미디어 문자 판독 시스템(10)은 보안 인증 방법 및 입력 보상 방법을 이용하여 수집한 정답 후보 데이터를 조합하여 추천 정답을 산출할 수도 있고, 보안 인증 방법 및 입력 보상 방법 중 어느 하나를 이용하여 정답 후보 데이터를 수집하고 추천 정답을 산출할 수도 있다.The media character reading system 10 may combine the correct answer candidate data collected by using the security authentication method and the input compensation method to calculate a recommended correct answer, and the correct answer candidate data by using any one of the security authentication method and the input compensation method You can also collect and calculate the correct answer.

도 4를 참조하면, 미디어 문자 판독 시스템(10)은 관리부(100), 문제 생성부(200), 데이터 수집부(300) 및 추천부(400)를 포함한다.Referring to FIG. 4, the media character reading system 10 includes a management unit 100, a problem generation unit 200, a data collection unit 300, and a recommendation unit 400.

관리부(100)는 추출된 문자 이미지 중 판독이 필요한 문자 이미지(110)를 저장하고 관리한다. 예를 들면 미디어 파일에 해당하는 문자 이미지(110)는 컴퓨터가 판독했지만 판독이 어려워 정확도가 낮거나 인식하지 못한 문자 이미지(110)를 포함할 수 있다. 관리부(100)는 판독이 필요한 문자 이미지, 이미 정답 후보가 추천되어 판독이 완료된 문자 이미지, 오류가 발생한 문자 이미지를 구분하여 관리한다. 문자 이미지(110)는 관리자가 입력한 정답 후보 또는 사용자 단말기(20)에서 입력된 정답 후보가 저장된 정답 후보 그룹(120)을 포함한다. 관리부(100)는 문자 이미지(110)에서 추출 또는 판독한 문자를 정답 후보 그룹(120)에 저장하고 관리한다. 관리부(100)는 문자 이미지(110)를 외부(예를 들면 연결된 OCR 시스템)에서 자동으로 수신할 수도 있고, 관리자가 직접 판독이 필요한 문자 이미지를 추가할 수도 있다.The management unit 100 stores and manages the text image 110 that needs to be read out of the extracted text images. For example, the text image 110 corresponding to the media file may include a text image 110 that is read by a computer, but is difficult to read, and thus is not accurate or recognized. The management unit 100 separates and manages a text image that needs to be read, a text image that has been read because a candidate for a correct answer is already recommended, and a text image in which an error has occurred. The text image 110 includes a correct answer candidate group 120 in which a correct answer candidate input by the administrator or a correct answer candidate input from the user terminal 20 is stored. The management unit 100 stores and manages characters extracted or read from the text image 110 in the correct answer candidate group 120. The management unit 100 may automatically receive the text image 110 from the outside (for example, a connected OCR system), or the administrator may add a text image requiring direct reading.

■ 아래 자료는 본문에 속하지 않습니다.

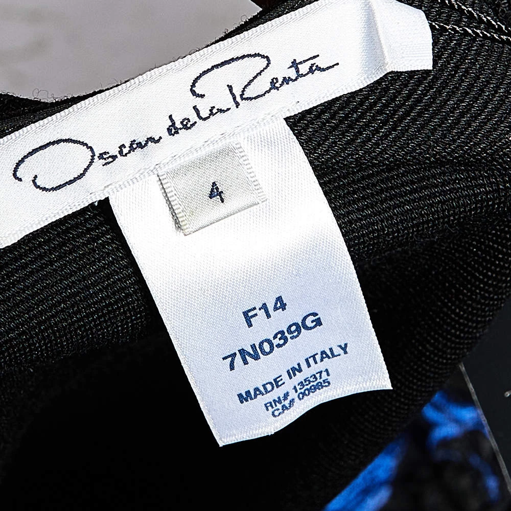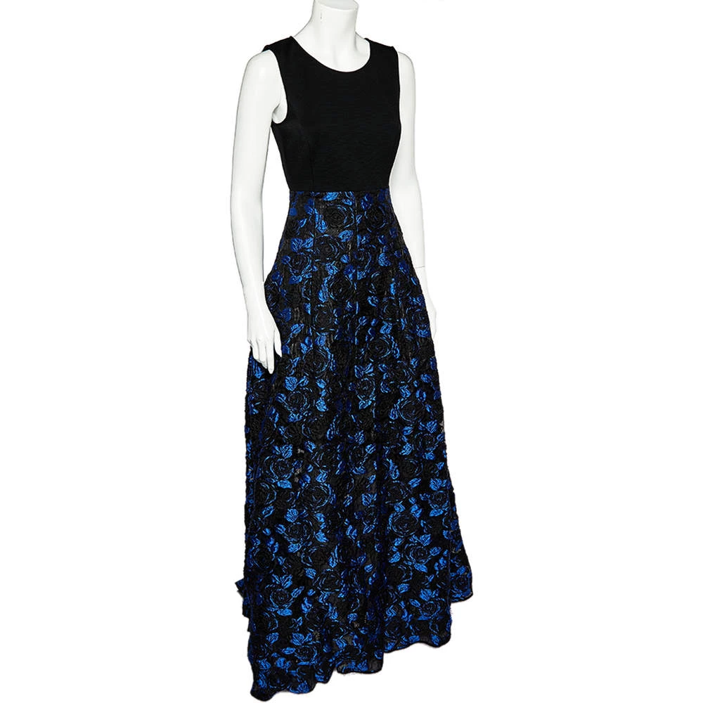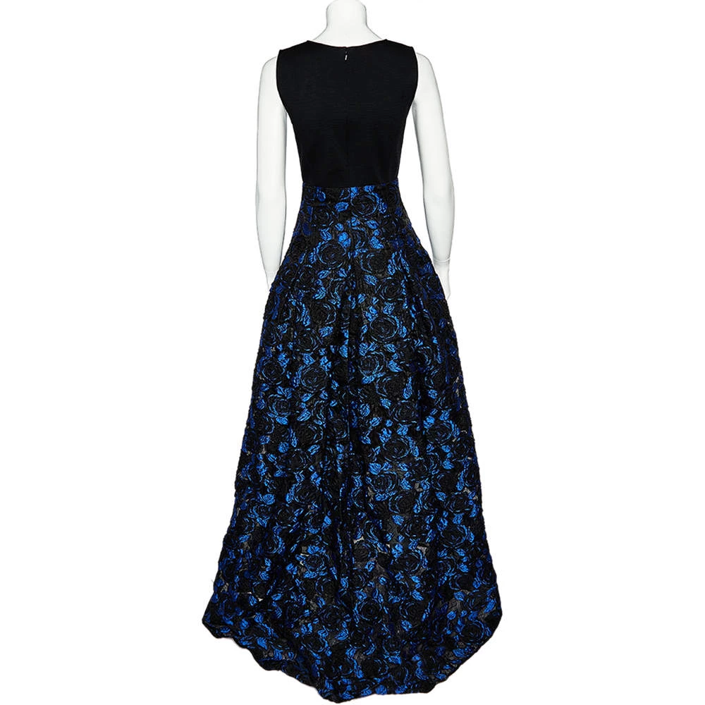 Created with a simple knit bodice and a floral-jacquard full skirt, this Oscar de la Renta sleeveless gown has a feminine look and a beautiful silhouette. It is sewn for a comfortable fit and finished with a zipper.

문제 생성부(200)는 관리부(100)에 저장된 문자 이미지(110)를 이용하여 문자 인식을 위한 문제를 생성하고 관리한다. 문제 생성 방법에 대하여는 이후에 예시를 이용하여 자세히 설명하도록 한다. 문제 생성부(200)는 사용자 단말기(20)에 문제를 제시한다. 문제 생성부(200)는 높은 확률로 정답 후보 그룹(120)에 충분한 정답 후보가 쌓인 문자 이미지(110)의 문제를 제시하고, 낮은 확률로 정답 후보 그룹(120)에 정답 후보가 적게 입력된 문자 이미지(110)의 문제를 제시한다.The problem generator 200 generates and manages a problem for character recognition using the text image 110 stored in the manager 100. The problem creation method will be described in detail later using examples. The problem generator 200 presents a problem to the user terminal 20. The problem generator 200 presents a problem of a character image 110 in which a sufficient number of correct answer candidates are accumulated in the correct answer candidate group 120 with a high probability, and a character with fewer correct answer candidates entered in the correct answer candidate group 120 with a low probability The problem of the image 110 is presented.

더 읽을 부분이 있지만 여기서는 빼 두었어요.